# DATASET
========================================

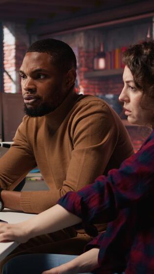 Vertical IT employees in startup office working at computer desks, testing and deploying programs and systems. Programmer and developer checking code on desktop PCs, solving tasks in workspace, camera A Pro Video
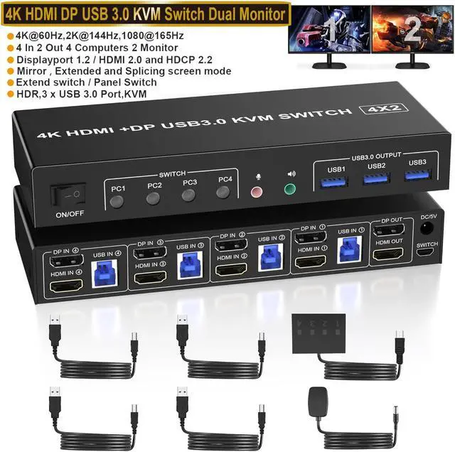 Dual Monitor 4 Port HDMI + Displayport USB 3.0 KVM Switch 4K@60Hz
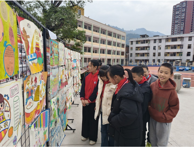 同期,主题校园艺术展在校园长廊同步展出。艺术展汇集了学生们围绕爱国主义、时代新风、校园生活等主题创作的绘画、书法、手抄报。一幅幅色彩明丽的画作,一张张笔触稚嫩却情感真挚的书法,一件件创意独特的手工,吸引了众多师生驻足观赏。艺术展与红歌赛相得益彰,以不同的艺术形式表达了孩子们对祖国的热爱、对美的追求和对梦想的描绘,成为校园中一道亮丽的风景线。
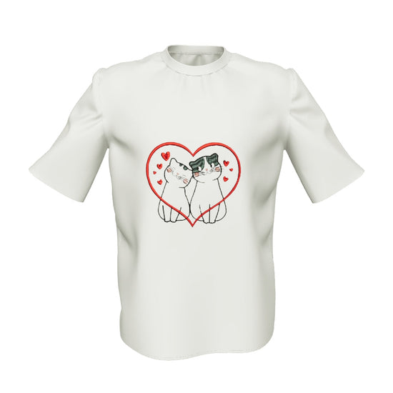 Kittens in Love  embroidery design Premium Oversized T-Shirt
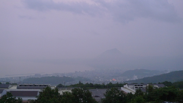 開車來到高速公路的「別府灣SA」時已經晚上七點半,我們很想去的別府溫泉就在眼前,隱約還能看到繚繞的地熱煙霧。
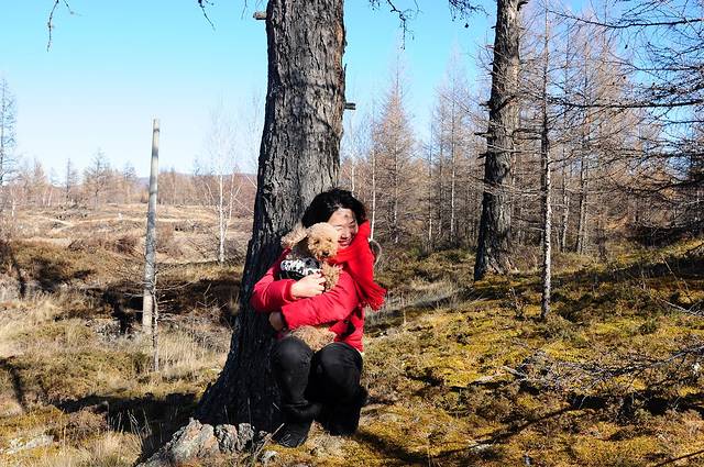 松鼠湖悠闲的晒会太阳吧,还是抱狗显瘦照
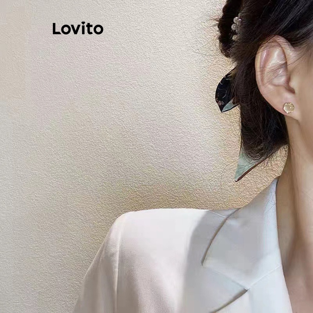 Lovito bông tai kim cương giả màu trơn thường ngày cho Nữ l60ad176 (màu vàng kim)
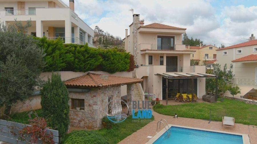 Рафина, Вилла Продажа, 212 кв.м., Статус объекта: Очень хороший/ее, Этаж: Цокольный этаж, 2 Уровни, 3 Спальня/и 1 Кухня, 2 Ванная комната/ы, 1 WC, Сертификат на энергию: Not required, Характеристики: Кладовое помещение , Камин, Зона барбекю, Яркий, Бассейн, Цена: 580.000€. Blueland real estate, Телефон: 2611811812, email: blueland.patra@gmail.com
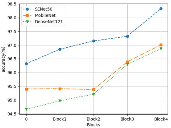 In addition, Figure 6 shows the relationship between the accuracy rate and the percentage of CroReLU contained in the model. In this experiment, three experimental models (SENet50, MobileNet, and ResNet50) were selected; their common feature is that they are all composed of four blocks in the structural design. The horizontal coordinate of 0 represents the accuracy obtained when using ReLU in all blocks of the model. Block1 indicates that CroReLU is applied only in the first block of the model, and the rest use ReLU for visual activation. Block2 represents that CroReLU is used in the first two blocks of the model and ReLU is maintained in the last two blocks. Block3 indicates that only the last block uses ReLU, and Block4 indicates that all AFs in the model use CroReLU. As shown in the figure, when the AFs in the first two blocks are replaced (especially when only Block1 is used), the performance of MobileNet and ResNet50 is not greatly improved, which indicates that the receptive field extracted by the convolution network in the middle and low layers is relatively small and the advantage of activation considering pixel space information is not exploited. By contrast, SENet has the advantage of channel attention mechanism, and shows a certain upward trend in accuracy in the early stage. After Block2, the accuracy of MobileNet and ResNet50 is significantly improved, which proves that CroReLU needs feature maps containing sufficient semantic information to perform at a high level. The channel attention mechanism needs to be fully paired with CroReLU to show the best results in pathology diagnosis. In summary, all visual activation methods need to be replaced with CroReLU to take advantage of neural networks in cancer pathology diagnosis.
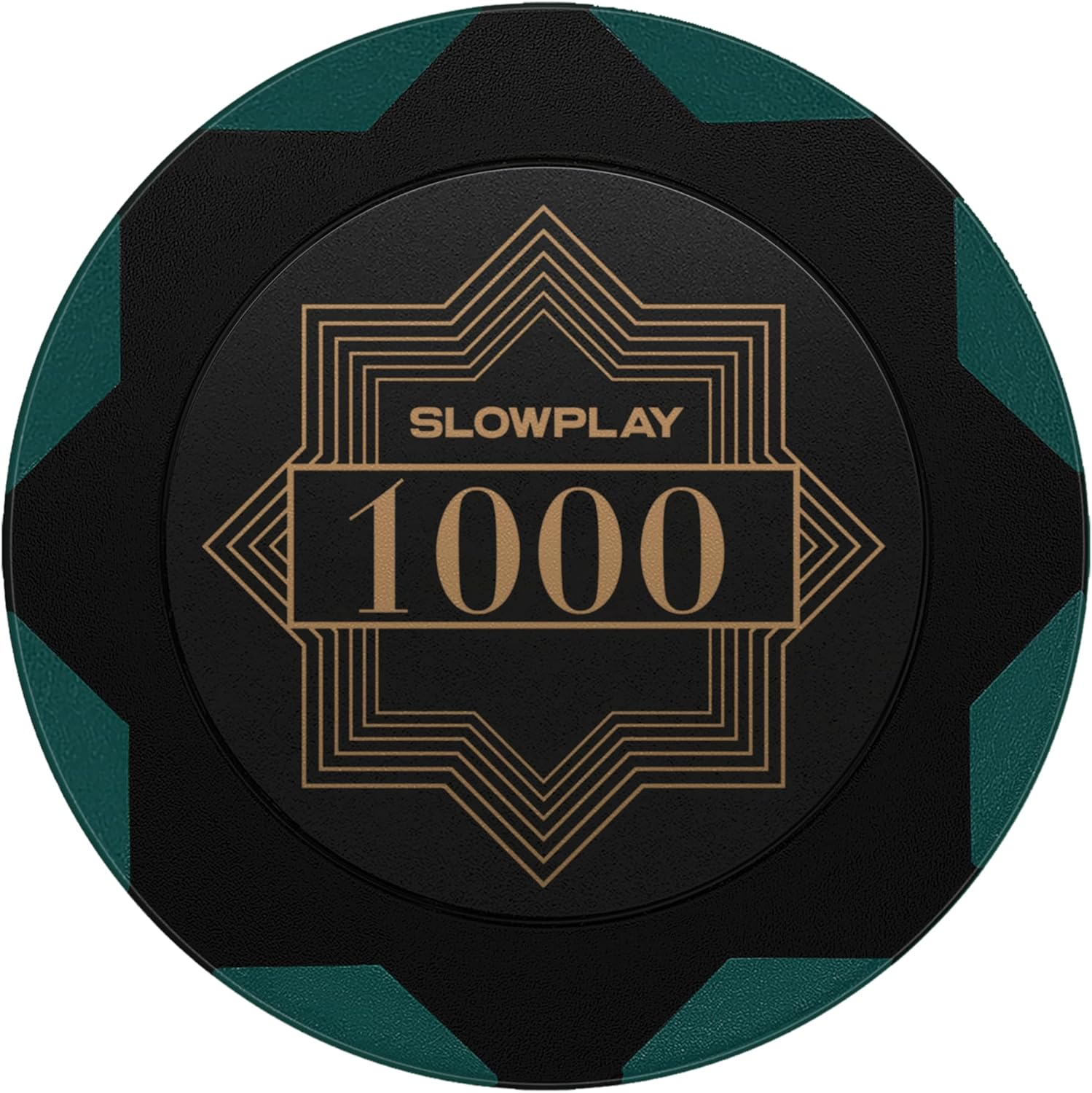 SLOWPLAY Nash Clay Poker Chips, 14 Grams Heavyweight Clay Composite, 40mm Large Chips in Bulk, Pack of 50 with Denomination of 1000

========================================

# WORK ORDER
Copy each entry exactly as written. Pictures do not belong in the copy.

# ANSWER BOX
 Vertical IT employees in startup office working at computer desks, testing and deploying programs and systems. Programmer and developer checking code on desktop PCs, solving tasks in workspace, camera A Pro Video
 Dual Monitor 4 Port HDMI + Displayport USB 3.0 KVM Switch 4K@60Hz
 同期,主题校园艺术展在校园长廊同步展出。艺术展汇集了学生们围绕爱国主义、时代新风、校园生活等主题创作的绘画、书法、手抄报。一幅幅色彩明丽的画作,一张张笔触稚嫩却情感真挚的书法,一件件创意独特的手工,吸引了众多师生驻足观赏。艺术展与红歌赛相得益彰,以不同的艺术形式表达了孩子们对祖国的热爱、对美的追求和对梦想的描绘,成为校园中一道亮丽的风景线。
 Kittens in Love  embroidery design Premium Oversized T-Shirt
 開車來到高速公路的「別府灣SA」時已經晚上七點半,我們很想去的別府溫泉就在眼前,隱約還能看到繚繞的地熱煙霧。
 松鼠湖悠闲的晒会太阳吧,还是抱狗显瘦照
 Lovito bông tai kim cương giả màu trơn thường ngày cho Nữ l60ad176 (màu vàng kim)
 Рафина, Вилла Продажа, 212 кв.м., Статус объекта: Очень хороший/ее, Этаж: Цокольный этаж, 2 Уровни, 3 Спальня/и 1 Кухня, 2 Ванная комната/ы, 1 WC, Сертификат на энергию: Not required, Характеристики: Кладовое помещение , Камин, Зона барбекю, Яркий, Бассейн, Цена: 580.000€. Blueland real estate, Телефон: 2611811812, email: blueland.patra@gmail.com
 In addition, Figure 6 shows the relationship between the accuracy rate and the percentage of CroReLU contained in the model. In this experiment, three experimental models (SENet50, MobileNet, and ResNet50) were selected; their common feature is that they are all composed of four blocks in the structural design. The horizontal coordinate of 0 represents the accuracy obtained when using ReLU in all blocks of the model. Block1 indicates that CroReLU is applied only in the first block of the model, and the rest use ReLU for visual activation. Block2 represents that CroReLU is used in the first two blocks of the model and ReLU is maintained in the last two blocks. Block3 indicates that only the last block uses ReLU, and Block4 indicates that all AFs in the model use CroReLU. As shown in the figure, when the AFs in the first two blocks are replaced (especially when only Block1 is used), the performance of MobileNet and ResNet50 is not greatly improved, which indicates that the receptive field extracted by the convolution network in the middle and low layers is relatively small and the advantage of activation considering pixel space information is not exploited. By contrast, SENet has the advantage of channel attention mechanism, and shows a certain upward trend in accuracy in the early stage. After Block2, the accuracy of MobileNet and ResNet50 is significantly improved, which proves that CroReLU needs feature maps containing sufficient semantic information to perform at a high level. The channel attention mechanism needs to be fully paired with CroReLU to show the best results in pathology diagnosis. In summary, all visual activation methods need to be replaced with CroReLU to take advantage of neural networks in cancer pathology diagnosis.
 SLOWPLAY Nash Clay Poker Chips, 14 Grams Heavyweight Clay Composite, 40mm Large Chips in Bulk, Pack of 50 with Denomination of 1000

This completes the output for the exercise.